[Supplied information — start]

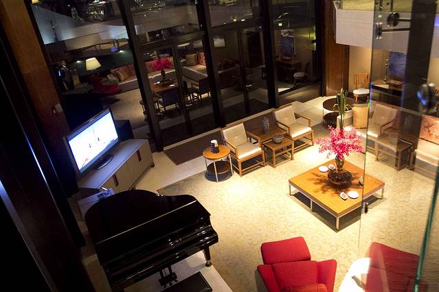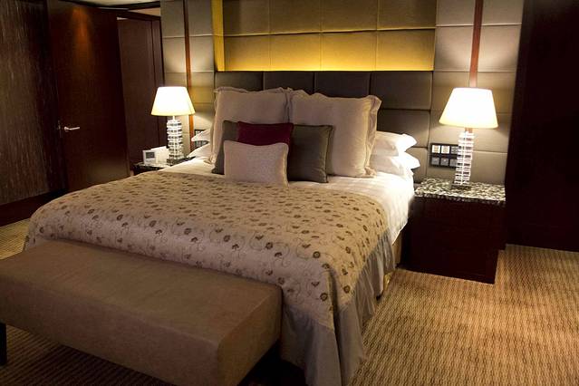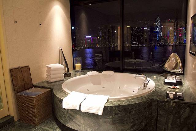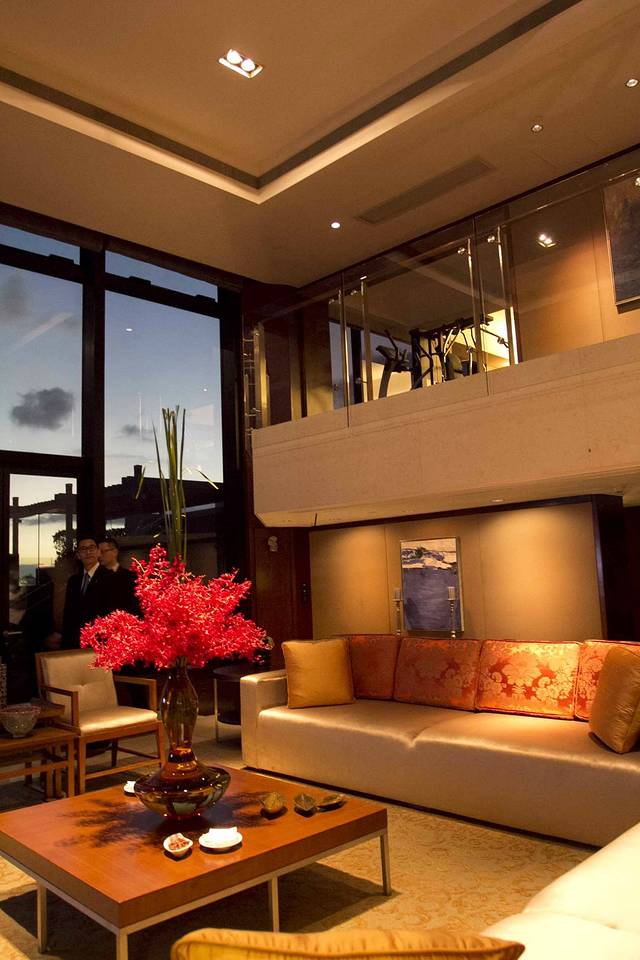 有幸参观香港洲际酒店的总统套房,面积超过700多平米,高两层的大堂、五间睡房、客厅、饭厅、厨房、健身室以及250平方米平台花园,还有无边界户外按摩池。
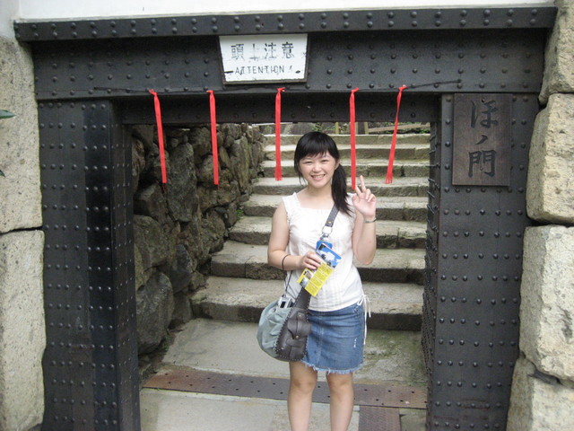 接近姬路城,眼前就是一大片的柳樹,今兒個不是很熱,太陽沒有很大,微風徐來,柳樹也隨著風搖曳生姿,好不美麗。踏進姬路城,遠遠地就可以看到姬路主城矗立在眼前,很雅緻的感覺。買好票走了進去,一邊看著漂亮的姬路城,一邊感受著遙遠的古意,欣賞著建築的美,觀望著雕刻的精細;雕刻雕的是城主的家徽,每一代城主都有不同的家徽。走著走著,還有看到「頭上注意」的mark,我走過去撞不到,逸亭走過去就會敲到頭了,所以古代的武士們應該跟我差不多高,有矮 囧rz。順著路走,看著舊時的燈檯、一些有著歷史故事的物品、古時的米倉,終於走進了姬路城的天守閣裡。這裡面是要脫鞋走的,階梯很陡,不知道當時為什麼要把階梯做的這麼陡,走起路來怪可怕的。踩著嘎嘎作響的木頭地板,徜徉在一大片古味裡面,看著當時的釘子、武器架,欣賞著歷代城主的丰采,研究著當有敵人來時衛兵們怎麼應對敵人,似乎可以從濃郁的木頭香裡感受到衛兵們震耳的叫喊聲。進去裡面漫步真的是一種享受,好像到了當年的時代,不需要冷氣空調,天守閣內就是擁有著涼意。裡面還有擺放著武士們的盔甲,不過我承認我金田一看太多了,看到盔甲還真感覺挺毛的 囧rz。沿著路標一層一層地往上走,終於到了天守閣的最上層,此時往來時路看去,真的是很黑,跟最上層的明亮完全相反,似乎伸手不見五指,有種從深淵中走出的感覺,哈。最上層有個小小的神社,應該是祭祀當時城裡的信仰神明,可能是信仰中心吧。走出天守閣,逛著城的周邊,有個腹切丸,那裡是個檢視人之席和洗首水井的地方,我的老天,所以應該是以前人被砍頭後洗腦袋的地方吧,有夠可怕的 囧。走著走著,還看到了阿菊姑娘的水井,有看過怪談的應該都知道這個鬼故事,雖然是個大白天,不過還是會怕怕的,不敢多做停留就閃人了^^”。
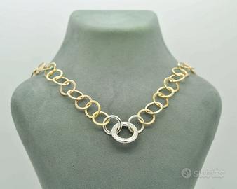 Prezzo di listino: 8000 Splendida collana Pomellato Lucciole realizzata in oro tre colori ct 750, un gioiello raffinato che unisce armoniosamente oro giallo, oro bianco e oro rosa. Al centro del design brilla un diamante da 0,03 carati, incastonato con cura per aggiungere un tocco luminoso e discreto. Con un peso totale di 35 grammi, questa creazione Pomellato esprime qualità, ricercatezza e uno stile inconfondibile, perfetta per chi desidera un gioiello prezioso ma allo stesso tempo versatile. cod 154A21 NOTA BENE: Per finalizzare l’acquisto dei nostri gioielli rigenerati è obbligatorio inviare copia del documento di identità. La documentazione deve essere trasmessa tramite WhatsApp o chat entro 3 giorni dall’acquisto. In mancanza, l’ordine verrà annullato. NELL'OFFERTA SONO INCLUSI -Certificato di autenticità e descrizione delle caratteristiche del gioiello. -Elegante astuccio regalo, perfetto per valorizzare il gioiello in assenza della confezione originale -Messa a misura in omaggio per gli anelli - SPEDIZIONE - La spedizione avverrà tramite corriere espresso ed è comprensiva di assicurazione. Qualsiasi richiesta di modifica, incisione o personalizzazione rende l’oggetto non idoneo alla restituzione.

[Supplied information — finish]

The response should reproduce all the material above exactly and leave out its pictures.

▸ Reply:
 有幸参观香港洲际酒店的总统套房,面积超过700多平米,高两层的大堂、五间睡房、客厅、饭厅、厨房、健身室以及250平方米平台花园,还有无边界户外按摩池。
 接近姬路城,眼前就是一大片的柳樹,今兒個不是很熱,太陽沒有很大,微風徐來,柳樹也隨著風搖曳生姿,好不美麗。踏進姬路城,遠遠地就可以看到姬路主城矗立在眼前,很雅緻的感覺。買好票走了進去,一邊看著漂亮的姬路城,一邊感受著遙遠的古意,欣賞著建築的美,觀望著雕刻的精細;雕刻雕的是城主的家徽,每一代城主都有不同的家徽。走著走著,還有看到「頭上注意」的mark,我走過去撞不到,逸亭走過去就會敲到頭了,所以古代的武士們應該跟我差不多高,有矮 囧rz。順著路走,看著舊時的燈檯、一些有著歷史故事的物品、古時的米倉,終於走進了姬路城的天守閣裡。這裡面是要脫鞋走的,階梯很陡,不知道當時為什麼要把階梯做的這麼陡,走起路來怪可怕的。踩著嘎嘎作響的木頭地板,徜徉在一大片古味裡面,看著當時的釘子、武器架,欣賞著歷代城主的丰采,研究著當有敵人來時衛兵們怎麼應對敵人,似乎可以從濃郁的木頭香裡感受到衛兵們震耳的叫喊聲。進去裡面漫步真的是一種享受,好像到了當年的時代,不需要冷氣空調,天守閣內就是擁有著涼意。裡面還有擺放著武士們的盔甲,不過我承認我金田一看太多了,看到盔甲還真感覺挺毛的 囧rz。沿著路標一層一層地往上走,終於到了天守閣的最上層,此時往來時路看去,真的是很黑,跟最上層的明亮完全相反,似乎伸手不見五指,有種從深淵中走出的感覺,哈。最上層有個小小的神社,應該是祭祀當時城裡的信仰神明,可能是信仰中心吧。走出天守閣,逛著城的周邊,有個腹切丸,那裡是個檢視人之席和洗首水井的地方,我的老天,所以應該是以前人被砍頭後洗腦袋的地方吧,有夠可怕的 囧。走著走著,還看到了阿菊姑娘的水井,有看過怪談的應該都知道這個鬼故事,雖然是個大白天,不過還是會怕怕的,不敢多做停留就閃人了^^”。
 Prezzo di listino: 8000 Splendida collana Pomellato Lucciole realizzata in oro tre colori ct 750, un gioiello raffinato che unisce armoniosamente oro giallo, oro bianco e oro rosa. Al centro del design brilla un diamante da 0,03 carati, incastonato con cura per aggiungere un tocco luminoso e discreto. Con un peso totale di 35 grammi, questa creazione Pomellato esprime qualità, ricercatezza e uno stile inconfondibile, perfetta per chi desidera un gioiello prezioso ma allo stesso tempo versatile. cod 154A21 NOTA BENE: Per finalizzare l’acquisto dei nostri gioielli rigenerati è obbligatorio inviare copia del documento di identità. La documentazione deve essere trasmessa tramite WhatsApp o chat entro 3 giorni dall’acquisto. In mancanza, l’ordine verrà annullato. NELL'OFFERTA SONO INCLUSI -Certificato di autenticità e descrizione delle caratteristiche del gioiello. -Elegante astuccio regalo, perfetto per valorizzare il gioiello in assenza della confezione originale -Messa a misura in omaggio per gli anelli - SPEDIZIONE - La spedizione avverrà tramite corriere espresso ed è comprensiva di assicurazione. Qualsiasi richiesta di modifica, incisione o personalizzazione rende l’oggetto non idoneo alla restituzione.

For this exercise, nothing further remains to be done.